Created a system to automatically classify web page content into 30 categories, based on Naive Bayes classification methods. The system categorized over 10 million sites with an estimated misclassification rate of under 10% at 50% recall.
Developed a system that rates HTTP requests with a score indicating the chance the request might fetch malicious content. The system combines multiple sources of data consisting of URL portions or IP ranges; each source may contribute positively or negatively. Reputation is used on web proxy devices to block potentially malicious requests, as well as divert from further scanning traffic that is highly likely to be clean.
Developed systems to process traffic samples sent back from web proxy appliances. IronPort has several thousand appliances deployed at customer sites throughout the world, forming a sensor network of web-related data. This data is automatically fed back into Web Reputation and other systems. We also use it to evaluate efficacy and measure new techniques.
Extracted static client code and dependencies into a dynamically updateable package, taking into account potential differences in system libraries and hardware architecture between client platform releases. Distinct from system upgrades, the engine is automatically updated live on the appliance to the current provisioned version, without any input or interaction by the administrator.
The NVLog is an intent journal used in WAFL (Write-Anywhere File Layout) to ensure data integrity in the event of a system crash or abrupt shutdown. Since all writes are logged to the journal, this part of the system was a serialization point and bottleneck. I rewrote the way journal writes are done to nearly eliminate lock contention, leading to an overall system performance gain of over 10% by throughput.

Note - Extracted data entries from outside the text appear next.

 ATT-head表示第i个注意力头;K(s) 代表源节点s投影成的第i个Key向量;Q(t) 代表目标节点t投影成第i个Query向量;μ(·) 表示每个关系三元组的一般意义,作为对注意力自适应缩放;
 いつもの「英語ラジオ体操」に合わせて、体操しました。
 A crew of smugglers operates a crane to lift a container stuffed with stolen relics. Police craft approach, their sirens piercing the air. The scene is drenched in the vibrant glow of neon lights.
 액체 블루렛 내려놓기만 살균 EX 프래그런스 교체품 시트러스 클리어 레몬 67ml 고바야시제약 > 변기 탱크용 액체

Outlined a design for dynamic microcores, a reporting and debugging feature. Microcores are partial coredump files, only a few megabytes. The project aimed to let engineers write descriptive recipes to identify memory regions, and trigger microcore generation upon hitting system events. For example, if a system message warns about possible corruption in a block, one could identify interesting memory regions relative to the in-core structures for the block and inode in the message.
Investigated the question of whether the use of different interaction techniques might impact the memory of a user. I designed a set of two experiments to address this: The first, a preliminary study confirming a well-known difference in performance between positional- and velocity-based controls, helped to verify my experimental methodology. The second, a comparison between three interaction modes in an immersive environment, was statistically inconclusive. Anecdotal evidence, however, suggested that for many subjects, memory performance improved with a full-body walking interaction.

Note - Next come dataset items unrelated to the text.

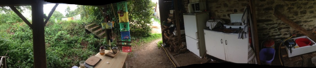 La maison a été en travaux ces deux mois d’été, la cuisine s’est installée sous un abri à bois, contre un pignon de la maison. Mésanges, et campagnol deviennent sacrément familiers! L’un picore des miettes sur la table pendant que je prends mon petit dej’ et l’autre ne s’enfuit même plus quand j’ouvre le placard et la découvre dans SON paquet de TUC qu’elle s’est attribué mi-juillet et que je lui aie laissé !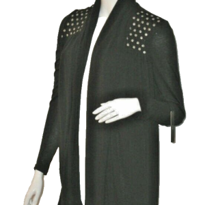 $140 BCBG Max Azria STUDDED Shoulder CARDIGAN BLACK Top ( M )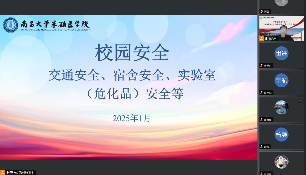 (编辑:何潇 徐国群;摄影:何潇)寒假将至,为确保同学们度过一个安全、愉快且充实的假期,1月12日,基础医学院研究生开展“研途时光”主题班会(第三十七期)暨寒假安全主题教育。本次主题班会由2024级硕士2班班长黄彦昌同学主持,2024级硕士2班全体同学参加。

Wrote and reviewed proposals for a 6-week project in a mock grant proposal process during a class on scientific visualization. Carried out research on my project on electrode parameter settings in deep brain stimulation for obsessive compulsive disorder, collaborating with Benjamin Greenberg, a psychiatrist at Butler Hospital. Presented a poster of this project in SIGGRAPH 2004.
Created a software package for creating interactive differential geometry visualizations, and produced class labs and demonstrations using this software. Staff and students continue to use this package in new applications and to explore mathematical concepts in several courses at Brown, including differential geometry, combinatorial topology, calculus, geometry, and linear algebra. It has also been used by Prof. Banchoff in classes at UCLA, Notre Dame, University of Georgia, and Stanford.